Materials provided:
[Start of Attachment]
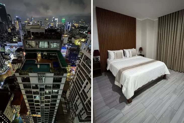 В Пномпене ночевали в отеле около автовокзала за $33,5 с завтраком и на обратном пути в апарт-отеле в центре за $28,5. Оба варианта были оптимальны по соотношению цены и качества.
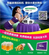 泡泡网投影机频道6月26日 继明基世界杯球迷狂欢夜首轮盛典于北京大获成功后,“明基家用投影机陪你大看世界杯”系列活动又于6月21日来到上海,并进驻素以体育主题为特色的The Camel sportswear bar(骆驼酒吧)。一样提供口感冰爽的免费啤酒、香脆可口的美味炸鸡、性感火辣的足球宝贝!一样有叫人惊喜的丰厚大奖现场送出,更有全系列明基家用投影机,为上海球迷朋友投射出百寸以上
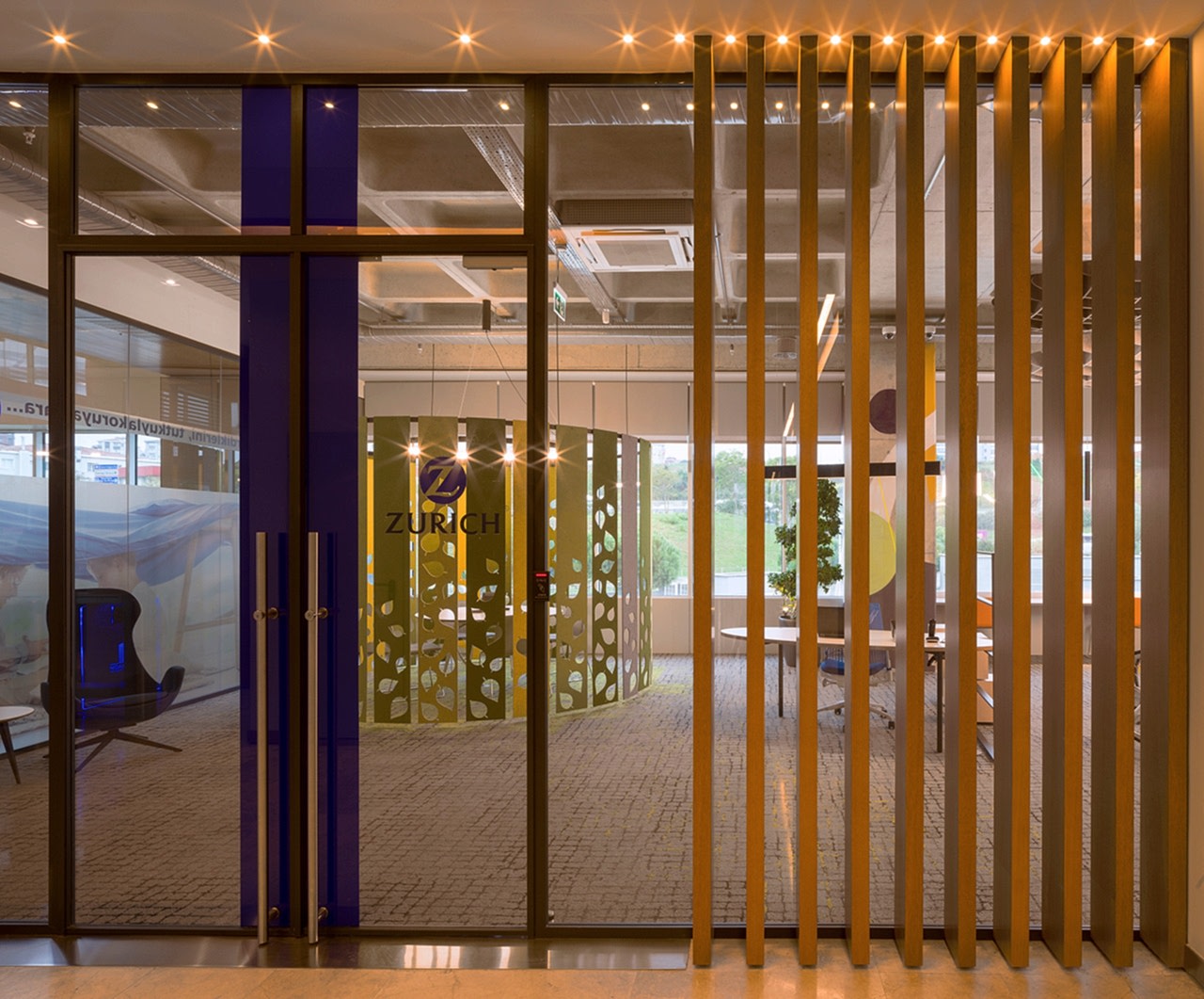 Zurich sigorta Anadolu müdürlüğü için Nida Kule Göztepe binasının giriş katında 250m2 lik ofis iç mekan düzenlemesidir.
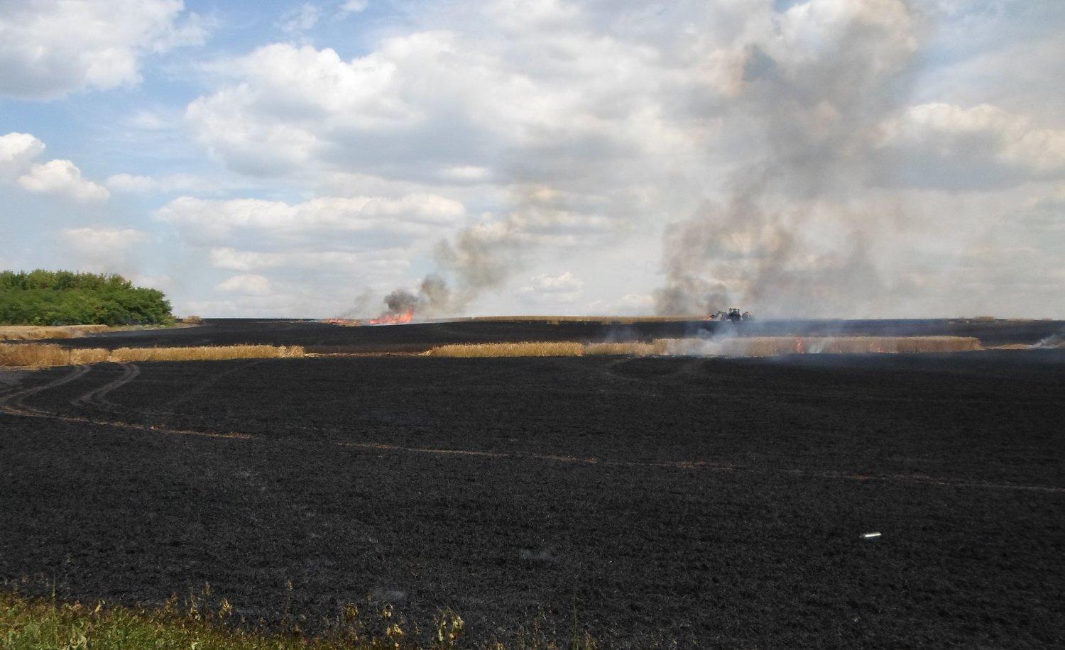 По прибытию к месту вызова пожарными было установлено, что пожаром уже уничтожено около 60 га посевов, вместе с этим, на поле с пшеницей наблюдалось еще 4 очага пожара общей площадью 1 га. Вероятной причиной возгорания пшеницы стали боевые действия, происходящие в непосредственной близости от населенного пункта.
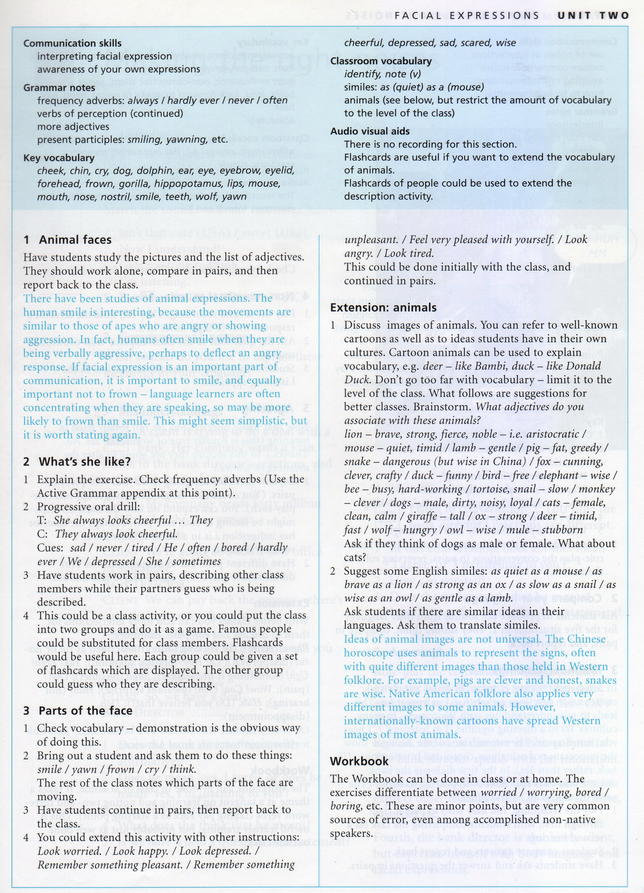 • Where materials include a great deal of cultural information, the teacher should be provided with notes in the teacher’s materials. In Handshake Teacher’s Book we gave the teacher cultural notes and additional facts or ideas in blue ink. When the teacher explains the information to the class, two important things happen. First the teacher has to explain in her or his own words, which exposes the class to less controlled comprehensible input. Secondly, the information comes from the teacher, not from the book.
[End of Attachment]
[Start of Attachment]
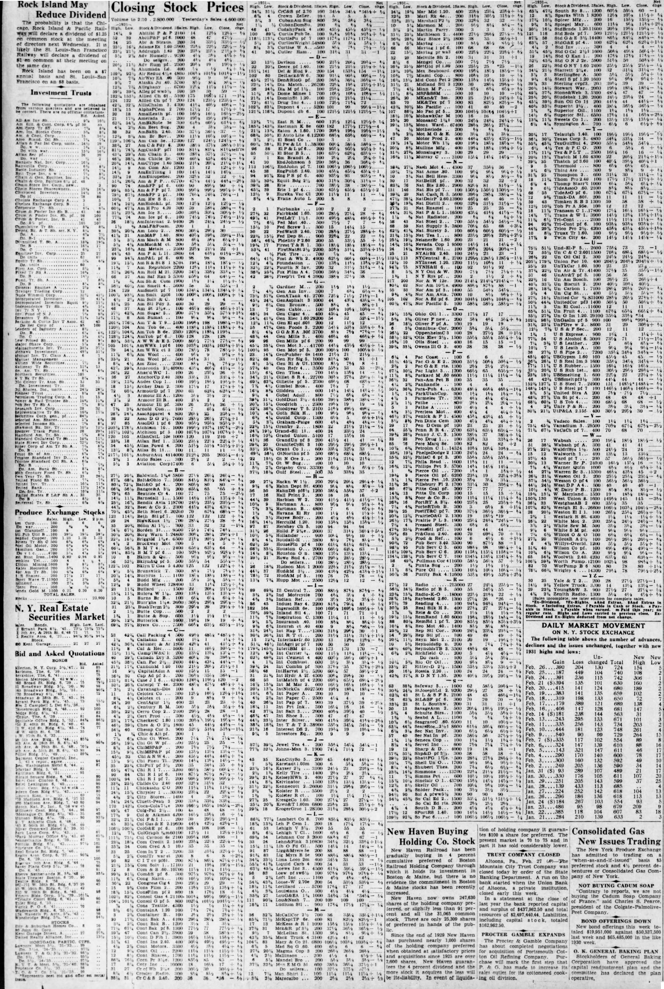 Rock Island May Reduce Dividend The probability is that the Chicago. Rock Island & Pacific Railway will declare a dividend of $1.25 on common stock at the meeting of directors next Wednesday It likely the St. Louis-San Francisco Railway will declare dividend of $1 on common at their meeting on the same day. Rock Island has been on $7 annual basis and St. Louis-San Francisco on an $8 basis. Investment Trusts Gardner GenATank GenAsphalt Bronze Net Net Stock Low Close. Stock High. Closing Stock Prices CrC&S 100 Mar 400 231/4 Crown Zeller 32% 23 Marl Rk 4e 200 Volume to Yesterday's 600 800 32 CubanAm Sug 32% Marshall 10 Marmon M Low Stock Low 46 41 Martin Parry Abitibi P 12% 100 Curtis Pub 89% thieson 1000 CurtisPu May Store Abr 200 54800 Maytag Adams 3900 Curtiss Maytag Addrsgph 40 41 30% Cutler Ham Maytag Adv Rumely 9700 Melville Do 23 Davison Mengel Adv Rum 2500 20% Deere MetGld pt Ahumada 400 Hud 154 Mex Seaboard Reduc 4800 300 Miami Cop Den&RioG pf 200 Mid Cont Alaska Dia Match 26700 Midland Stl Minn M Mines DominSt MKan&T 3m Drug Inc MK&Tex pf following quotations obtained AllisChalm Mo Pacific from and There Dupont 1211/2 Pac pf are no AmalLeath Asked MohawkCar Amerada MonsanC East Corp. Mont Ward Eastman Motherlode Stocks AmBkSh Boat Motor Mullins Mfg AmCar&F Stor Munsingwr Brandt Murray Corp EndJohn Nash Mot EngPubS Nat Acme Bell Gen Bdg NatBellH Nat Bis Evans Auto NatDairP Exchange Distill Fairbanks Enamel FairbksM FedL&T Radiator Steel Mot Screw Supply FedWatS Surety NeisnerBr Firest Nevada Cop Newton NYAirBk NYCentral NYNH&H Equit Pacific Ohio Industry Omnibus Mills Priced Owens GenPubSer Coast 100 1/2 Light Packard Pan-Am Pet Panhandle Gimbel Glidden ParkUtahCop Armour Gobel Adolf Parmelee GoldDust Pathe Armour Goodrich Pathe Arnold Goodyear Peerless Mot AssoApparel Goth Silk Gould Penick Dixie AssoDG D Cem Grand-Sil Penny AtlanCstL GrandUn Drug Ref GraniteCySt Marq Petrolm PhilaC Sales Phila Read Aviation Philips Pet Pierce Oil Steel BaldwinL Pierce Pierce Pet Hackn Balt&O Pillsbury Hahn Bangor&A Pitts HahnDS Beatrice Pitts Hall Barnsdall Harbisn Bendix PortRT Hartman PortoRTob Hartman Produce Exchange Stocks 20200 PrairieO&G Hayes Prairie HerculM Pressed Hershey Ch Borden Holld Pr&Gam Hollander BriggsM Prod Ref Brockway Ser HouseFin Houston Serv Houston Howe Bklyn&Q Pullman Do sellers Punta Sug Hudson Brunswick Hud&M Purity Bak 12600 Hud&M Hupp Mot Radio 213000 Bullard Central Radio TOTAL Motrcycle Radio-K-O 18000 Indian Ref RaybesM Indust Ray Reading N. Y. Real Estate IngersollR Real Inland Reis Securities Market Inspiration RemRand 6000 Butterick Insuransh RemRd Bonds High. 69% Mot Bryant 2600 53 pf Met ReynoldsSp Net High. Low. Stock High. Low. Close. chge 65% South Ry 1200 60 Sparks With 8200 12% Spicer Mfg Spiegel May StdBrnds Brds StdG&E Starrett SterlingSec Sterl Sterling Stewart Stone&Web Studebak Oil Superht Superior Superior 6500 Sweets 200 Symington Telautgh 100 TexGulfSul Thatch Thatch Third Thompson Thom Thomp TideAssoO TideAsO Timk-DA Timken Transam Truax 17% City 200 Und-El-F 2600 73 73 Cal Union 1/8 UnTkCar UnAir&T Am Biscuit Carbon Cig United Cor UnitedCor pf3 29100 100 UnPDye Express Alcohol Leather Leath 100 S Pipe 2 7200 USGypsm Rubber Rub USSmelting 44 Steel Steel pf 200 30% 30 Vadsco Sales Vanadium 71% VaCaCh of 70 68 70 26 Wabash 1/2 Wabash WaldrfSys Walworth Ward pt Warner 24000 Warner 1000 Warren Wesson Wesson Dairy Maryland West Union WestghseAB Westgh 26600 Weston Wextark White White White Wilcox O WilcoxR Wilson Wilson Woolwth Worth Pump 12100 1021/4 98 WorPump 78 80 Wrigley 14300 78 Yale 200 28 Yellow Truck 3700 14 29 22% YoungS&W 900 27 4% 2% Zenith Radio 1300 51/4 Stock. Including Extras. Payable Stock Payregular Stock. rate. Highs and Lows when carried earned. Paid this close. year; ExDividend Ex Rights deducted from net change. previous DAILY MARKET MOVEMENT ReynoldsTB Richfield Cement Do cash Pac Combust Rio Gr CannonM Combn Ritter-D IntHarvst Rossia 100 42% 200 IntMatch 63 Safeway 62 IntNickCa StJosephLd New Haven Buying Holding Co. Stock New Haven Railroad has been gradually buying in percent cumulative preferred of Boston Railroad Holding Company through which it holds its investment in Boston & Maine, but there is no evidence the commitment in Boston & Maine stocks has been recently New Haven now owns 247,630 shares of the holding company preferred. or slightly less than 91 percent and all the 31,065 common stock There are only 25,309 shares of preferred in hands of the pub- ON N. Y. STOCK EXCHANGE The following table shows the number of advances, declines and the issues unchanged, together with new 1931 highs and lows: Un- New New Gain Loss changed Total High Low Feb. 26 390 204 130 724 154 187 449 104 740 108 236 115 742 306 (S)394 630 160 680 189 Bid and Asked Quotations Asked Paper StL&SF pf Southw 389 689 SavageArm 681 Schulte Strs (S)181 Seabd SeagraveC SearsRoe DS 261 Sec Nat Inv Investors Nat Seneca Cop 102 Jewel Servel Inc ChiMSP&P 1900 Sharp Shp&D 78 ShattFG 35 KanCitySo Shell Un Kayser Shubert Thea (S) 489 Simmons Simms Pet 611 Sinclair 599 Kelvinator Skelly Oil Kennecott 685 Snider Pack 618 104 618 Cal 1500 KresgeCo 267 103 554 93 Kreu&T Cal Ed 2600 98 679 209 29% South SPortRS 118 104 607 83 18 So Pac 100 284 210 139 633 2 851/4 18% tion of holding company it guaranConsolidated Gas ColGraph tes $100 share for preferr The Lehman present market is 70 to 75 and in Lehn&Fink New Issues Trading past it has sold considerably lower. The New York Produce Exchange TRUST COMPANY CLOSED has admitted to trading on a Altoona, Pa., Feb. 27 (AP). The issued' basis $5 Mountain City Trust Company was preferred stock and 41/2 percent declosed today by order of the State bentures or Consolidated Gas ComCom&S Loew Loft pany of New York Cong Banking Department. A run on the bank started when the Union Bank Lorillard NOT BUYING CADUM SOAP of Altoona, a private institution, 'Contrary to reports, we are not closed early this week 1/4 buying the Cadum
[End of Attachment]
[Start of Attachment]
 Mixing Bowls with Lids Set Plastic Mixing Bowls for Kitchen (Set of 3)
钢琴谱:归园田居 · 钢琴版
[End of Attachment]
Your instructions: From the line holding "В Пномпене ночевали" to the line holding "from the book.", both included, retype the entries above exactly and drop the pictures.

The answer:
 В Пномпене ночевали в отеле около автовокзала за $33,5 с завтраком и на обратном пути в апарт-отеле в центре за $28,5. Оба варианта были оптимальны по соотношению цены и качества.
 泡泡网投影机频道6月26日 继明基世界杯球迷狂欢夜首轮盛典于北京大获成功后,“明基家用投影机陪你大看世界杯”系列活动又于6月21日来到上海,并进驻素以体育主题为特色的The Camel sportswear bar(骆驼酒吧)。一样提供口感冰爽的免费啤酒、香脆可口的美味炸鸡、性感火辣的足球宝贝!一样有叫人惊喜的丰厚大奖现场送出,更有全系列明基家用投影机,为上海球迷朋友投射出百寸以上
 Zurich sigorta Anadolu müdürlüğü için Nida Kule Göztepe binasının giriş katında 250m2 lik ofis iç mekan düzenlemesidir.
 По прибытию к месту вызова пожарными было установлено, что пожаром уже уничтожено около 60 га посевов, вместе с этим, на поле с пшеницей наблюдалось еще 4 очага пожара общей площадью 1 га. Вероятной причиной возгорания пшеницы стали боевые действия, происходящие в непосредственной близости от населенного пункта.
 • Where materials include a great deal of cultural information, the teacher should be provided with notes in the teacher’s materials. In Handshake Teacher’s Book we gave the teacher cultural notes and additional facts or ideas in blue ink. When the teacher explains the information to the class, two important things happen. First the teacher has to explain in her or his own words, which exposes the class to less controlled comprehensible input. Secondly, the information comes from the teacher, not from the book.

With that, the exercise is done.